[Items from a data source]

-.-.-

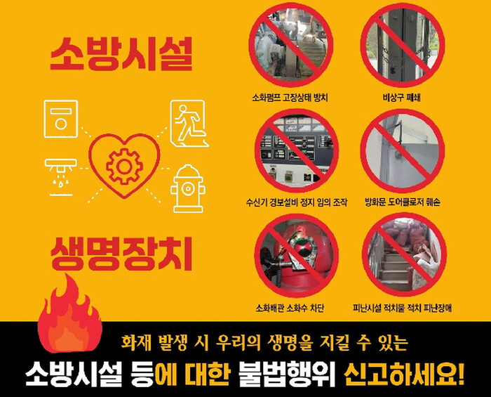 | 소방시설 및 피난시설 불법행위 근절 신고 홍보 이미지 [사진=부천소방본부] |
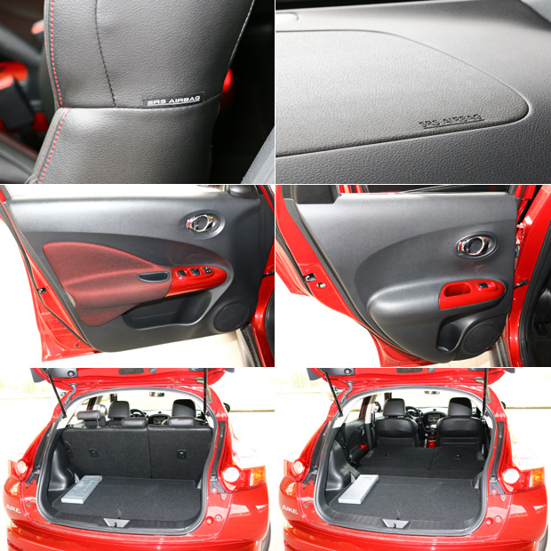 Nissan Juke車頂往後、下掠的線條,以及尾門斜切、上端與C柱頂點相接的設計,是造就後座空間不足的主因之一,而就剛開始提及Juke所想要呈現的設計感,實際已凌駕於實用機能之上,不過,Juke所瞄準的客層,也不會是以實用性為考量重點的消費者,會買Juke的消費者,就是想要與眾不同,而Juke本身,也可以將其定位為一輛挑高的掀背跑車,全車系標配ABS + EBD + BAS、以及VDC動態穩定與TCS循跡防滑的Juke,也的確擁有能盡情奔馳的堅強主被動安全後盾。
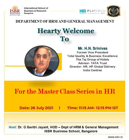 Mr. H. N. Srinivas, worked with THE TAJ GROUP OF HOTELS for 25+ years growing up to Sr. Vice President –Total Quality and Business Excellence (Corporate Quality Head) and Sr. Vice President –Human Resources. People practice function at Taj successfully built a customer centric work culture through innovative employee engagement practices. This was acknowledged by Gallup Incorporated, US, by listing Taj among the top 15 companies in the world; was the recipient of Global Great Workplace Award for 4 consecutive years. This journey of building benchmark HR practices at Taj has become a Harvard case study. Taj hotels were also recognized with Tata Business Excellence Award (based on Malcolm Baldridge National Quality Award) for achievement of highest standards of service quality, employee engagement and customer excellence. Also lead the relief and rehabilitation operation for terror victim families in the city of Mumbai post 26/11 terror attack. Worked with HP-Global Delivery India Centre as Director –Human Resources for 3 years managing end-to-end HR for a workforce of about 10,000 employees mostly software engineers. Worked as Advisor Tata Sons on a major Skill Development project that was conceptualized by the then Chairman, to support and
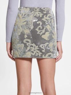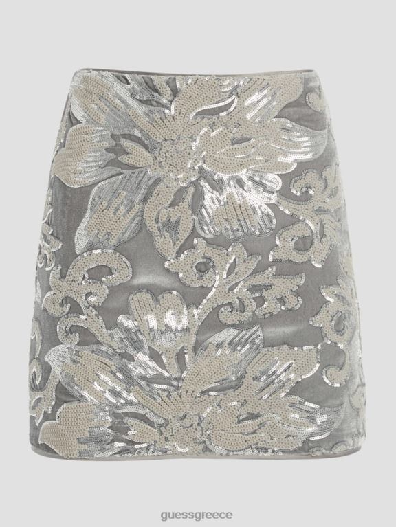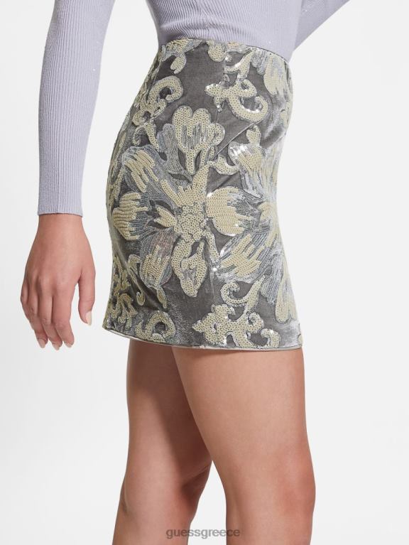 GUESS γυναίκες ernesta στολισμένη βελούδινη φούστα παγιέτες λουλουδιών embro ασημί ενδύματα J46DJ2398
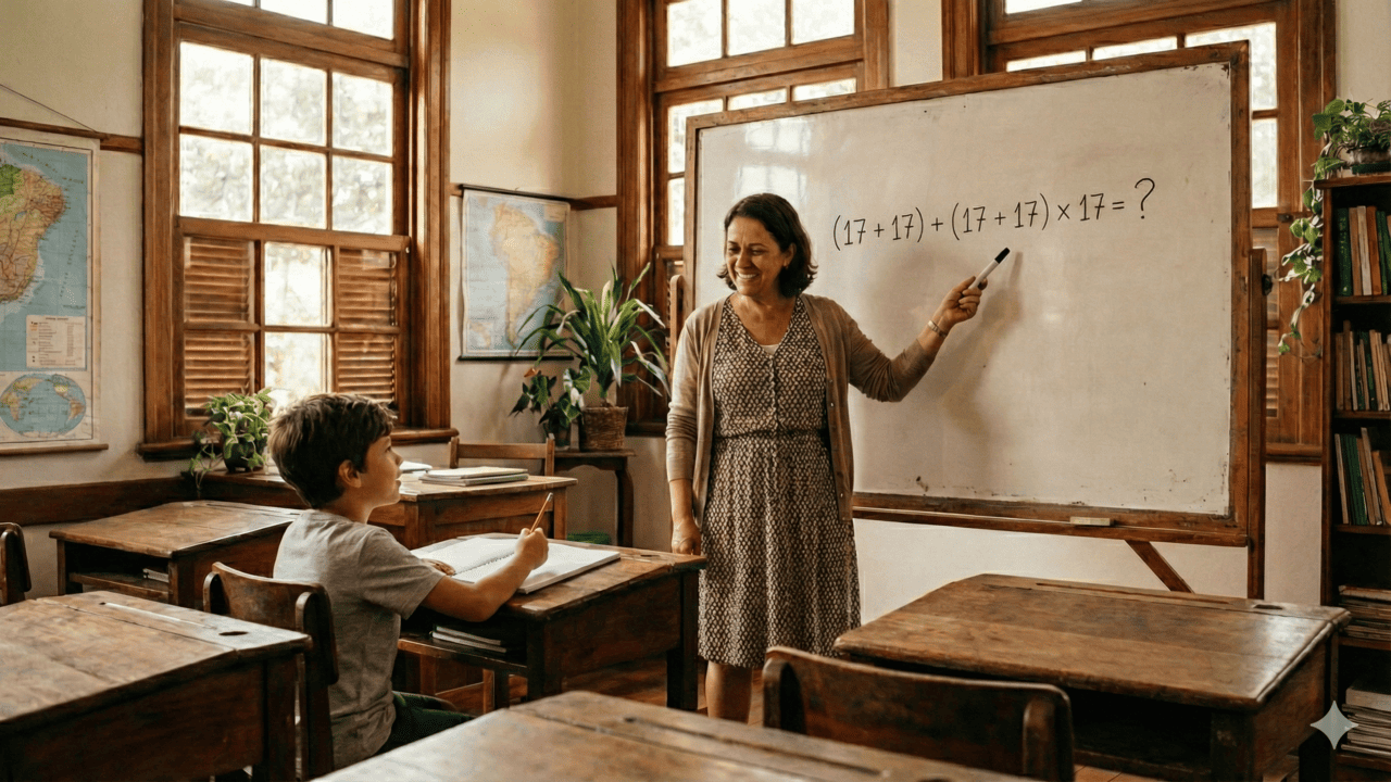 A expressão (17 + 17) + (17 + 17) x 17 costuma causar dúvidas porque muitos fazem todas as somas primeiro e só depois pensam na multiplicação. Seguindo a hierarquia, o primeiro movimento é lidar com os parênteses, sem mexer ainda na parte em que aparece o “x 17”, evitando somar tudo de uma vez de forma automática.

-.-.-

- **Instructions to follow**:
Retype the records above exactly, pictures omitted.

- **Task output**:
 | 소방시설 및 피난시설 불법행위 근절 신고 홍보 이미지 [사진=부천소방본부] |
 Nissan Juke車頂往後、下掠的線條,以及尾門斜切、上端與C柱頂點相接的設計,是造就後座空間不足的主因之一,而就剛開始提及Juke所想要呈現的設計感,實際已凌駕於實用機能之上,不過,Juke所瞄準的客層,也不會是以實用性為考量重點的消費者,會買Juke的消費者,就是想要與眾不同,而Juke本身,也可以將其定位為一輛挑高的掀背跑車,全車系標配ABS + EBD + BAS、以及VDC動態穩定與TCS循跡防滑的Juke,也的確擁有能盡情奔馳的堅強主被動安全後盾。
 Mr. H. N. Srinivas, worked with THE TAJ GROUP OF HOTELS for 25+ years growing up to Sr. Vice President –Total Quality and Business Excellence (Corporate Quality Head) and Sr. Vice President –Human Resources. People practice function at Taj successfully built a customer centric work culture through innovative employee engagement practices. This was acknowledged by Gallup Incorporated, US, by listing Taj among the top 15 companies in the world; was the recipient of Global Great Workplace Award for 4 consecutive years. This journey of building benchmark HR practices at Taj has become a Harvard case study. Taj hotels were also recognized with Tata Business Excellence Award (based on Malcolm Baldridge National Quality Award) for achievement of highest standards of service quality, employee engagement and customer excellence. Also lead the relief and rehabilitation operation for terror victim families in the city of Mumbai post 26/11 terror attack. Worked with HP-Global Delivery India Centre as Director –Human Resources for 3 years managing end-to-end HR for a workforce of about 10,000 employees mostly software engineers. Worked as Advisor Tata Sons on a major Skill Development project that was conceptualized by the then Chairman, to support and
 GUESS γυναίκες ernesta στολισμένη βελούδινη φούστα παγιέτες λουλουδιών embro ασημί ενδύματα J46DJ2398
 A expressão (17 + 17) + (17 + 17) x 17 costuma causar dúvidas porque muitos fazem todas as somas primeiro e só depois pensam na multiplicação. Seguindo a hierarquia, o primeiro movimento é lidar com os parênteses, sem mexer ainda na parte em que aparece o “x 17”, evitando somar tudo de uma vez de forma automática.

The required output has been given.